Direct vertical impact injury commonly occurs when a motorcyclist strikes their shoulder against a fixed road sign or pole while traveling at high speed.26 In regard to the upper extremity, about a third of motorcycle crashes result in an upper extremity injury, with shoulder girdle injuries being the most common.22 This mechanism may cause brachial plexus injury, clavicle fractures, scapula fractures, and scapulothoracic dissociation, with studies reporting these injuries are responsible for 15–20% of all upper extremity injuries in MCC.4,7,22 Forearm fractures are the second most common upper extremity injury accounting for 10–15% of upper extremity injuries.22,27 Distal upper extremity fractures are less common, with studies reporting hand and wrist fractures in 5–10% of upper extremity injuries.7,22,28

More distally, ‘motorcycle thumb’ (Fig. 7) injuries can be encountered.
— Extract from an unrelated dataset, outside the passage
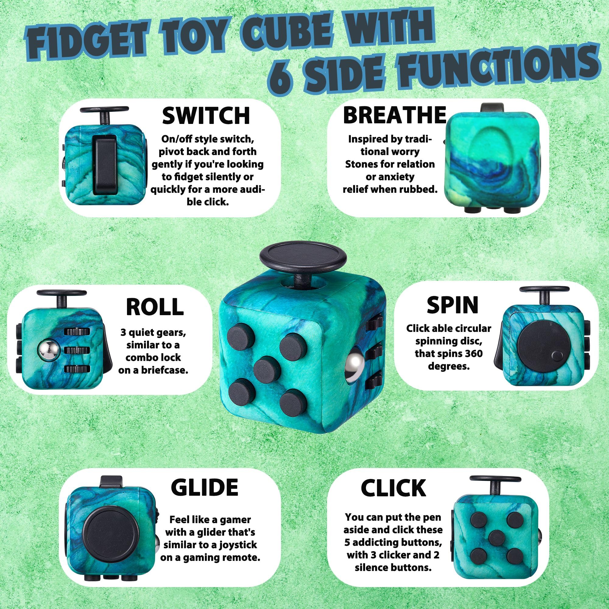 Lubibi 2Pcs Fidget Toy ,Grün Anti-Stress Würfel Spielzeug, Grün Fidget Pad Controller, Anti-Estrees Würfel mit 6Seiten Funktion, Kleine Geschenke für Kinder und Erwachsene Stressaubbau bei Nervösität

These injuries occur secondary to the handlebar during impact. During a collision, the rider braces themselves by locking their elbows and griping the handlebars. The resultant force is directed into the palm and metacarpal base. Though these are less critical injuries, the thumb carpometacarpal (CMC) joint is injured approximately 50% of the time and the thumb ulnar collateral ligament is injured 20% of the time.29

Fig. 7
Fig. 7

Motorcycle thumb.

Citation: EFORT Open Reviews 5, 9; 10.1302/2058-5241.5.190090

Evaluation and treatment

At our institution, most motorcycle injuries present as a ‘Full Trauma’ response, activating the general surgery, emergency medicine, and orthopaedic departments to respond immediately. The initial evaluation of the trauma patient is typically presided over by the general surgery team on call. Report of the patient is given by the first responder to the general surgery and emergency medicine teams. A general surgeon begins the primary survey in line with the Advanced Trauma Life Support (ATLS) guidelines, while other general surgery team members place initial orders needed for the patient in the trauma bay. The general surgeon continues with his secondary survey and the emergency medicine team will often carry out a focused assessment with sonography in trauma (FAST) at this time. The orthopaedic surgery team present will re-evaluate the patient in an attempt to seek out injuries and will request X-rays of areas of concern to be performed if the patient is stable. A portable chest and pelvic X-ray are typically the only radiographs performed routinely in the trauma bay. Any urgent orthopaedic interventions, such as pelvic sheeting, are performed at this time. The patient is then taken for computed tomography (CT) scanning for head/neck as well as chest, abdomen, and pelvis imaging at the discretion of the general surgery team. The general surgery team will also routinely perform a tertiary exam 24 hours after initial presentation to ensure no injury is missed.

Conclusion

Motorcycle injuries create a significant burden within the orthopaedic scope of practice. It is imperative that orthopaedists be familiar and comfortable with the scope of injuries that may present with motorcycle trauma. Motorcycle patients, as with other trauma patients, are at a high risk of sustaining severe injuries and should be evaluated and triaged under ATLS guidelines. While we recognize the limitations of fitting every MCC with these mechanisms of injury, they facilitate the recognition of orthopaedic injuries in these patients. These mechanisms, however, should not be viewed as an alternative to trauma evaluation guidelines. Classifying motorcycle injuries into distinct patterns so as to better recognize and treat them is a viable approach to better caring for these often-complex poly-trauma MCC patients.

Open access

This article is distributed under the terms of the Creative Commons Attribution-Non Commercial 4.0 International (CC BY-NC 4.0) licence (https://creativecommons.org/licenses/by-nc/4.0/) which permits non-commercial use, reproduction and distribution of the work without further permission provided the original work is attributed.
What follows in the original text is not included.